Enlarged view: Colloquium: Prof. Thomas Bernauer, Dr. Lukas Rudolph & Franziska Quoss

5G is the fifth generation technology standard for broadband cellular networks. The predominant view amongst experts is that introducing 5G will be very beneficial for consumers, firms, and society more broadly. However, it remains controversial whether 5G creates additional health risks and whether current government policies in this area are adequate. The fifth wave of the Swiss Environmental Panel, which includes a representative sample of around 9’000 Swiss citizens, focuses on 5G; we will present the first results from this panel wave. We will first look at how strong concern over 5G related risks actually is and what drives such concern. We also discuss results from vignette and choice experiments that shed light on whether there is a NIMBY (not in my backyard) effect, in the sense that consumer/citizen concern or acceptance of 5G is contingent on the location of 5G antennas, and on what policies citizens prefer with respect to 5G.

Prof. Thomas Bernauer

Thomas Bernauer is a professor of political science at ETH Zurich.
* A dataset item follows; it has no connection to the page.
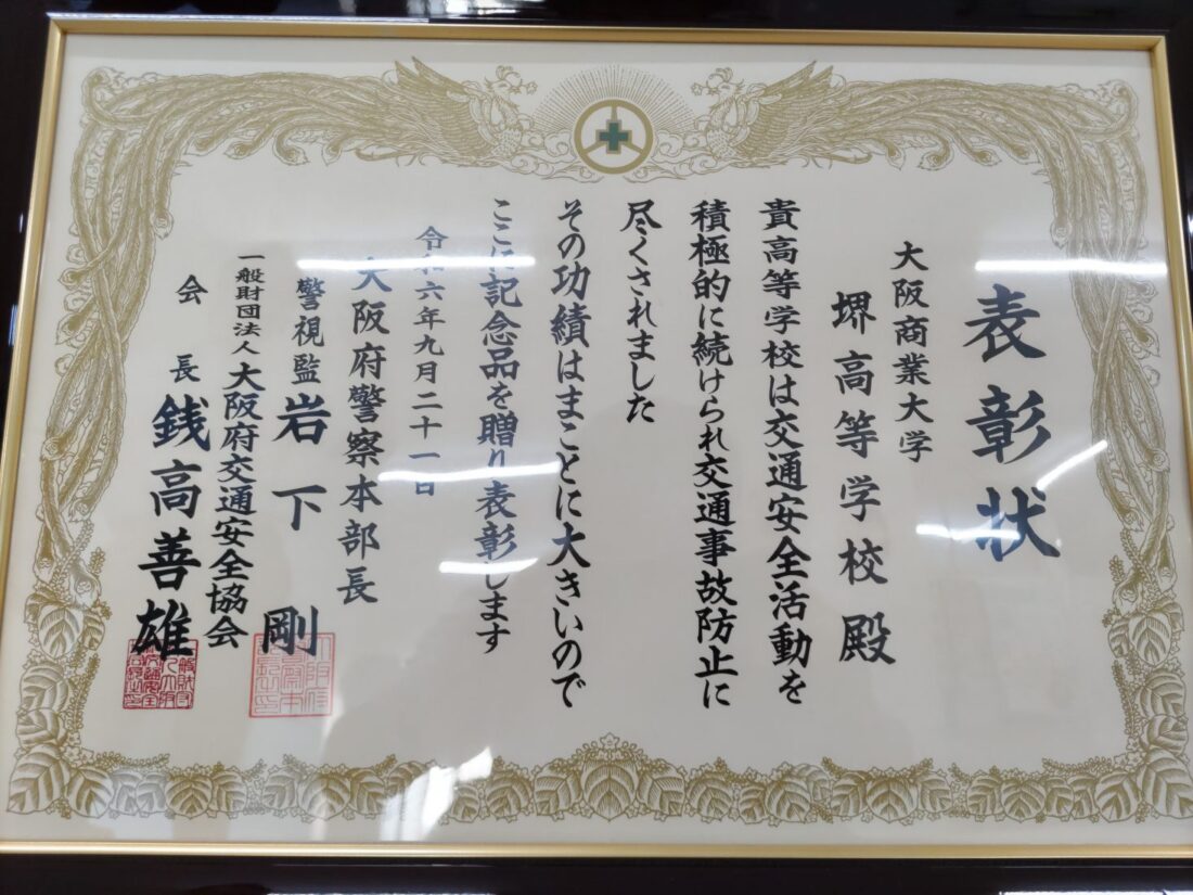 その中で、本校はR2年度以来、4年ぶりに「交通安全活動」における学校部門において表彰されました。表彰されたことを名誉に思い、継続して生徒たちの交通安全指導により一層取り組んでいきます。この度は、西・中警察署及び交通安全協会の皆様、ありがとうございました。

He and his research group are based at the Center for Comparative and International Studies (CIS), a joint institution of ETH Zurich and the University of Zurich, as well as ETH Zurich’s Institute of Science, Technology and Policy (ISTP). In 1995, he was appointed assistant professor at ETH Zurich, in 1999 associate professor, and in 2004 full professor. In 2004-​2006 Thomas Bernauer was dean of ETH Zurich’s department of social sciences and humanities, and in 2005-​2009 director of the Center for Comparative and International Studies. Since 2015, he is the director of ETH’s Institute of Science, Technology and Policy, ISTP. In his research and teaching, Thomas Bernauer focuses on international environmental and economic issues. He is the author or co-​author of ten books and more than 120 journal articles and book chapters.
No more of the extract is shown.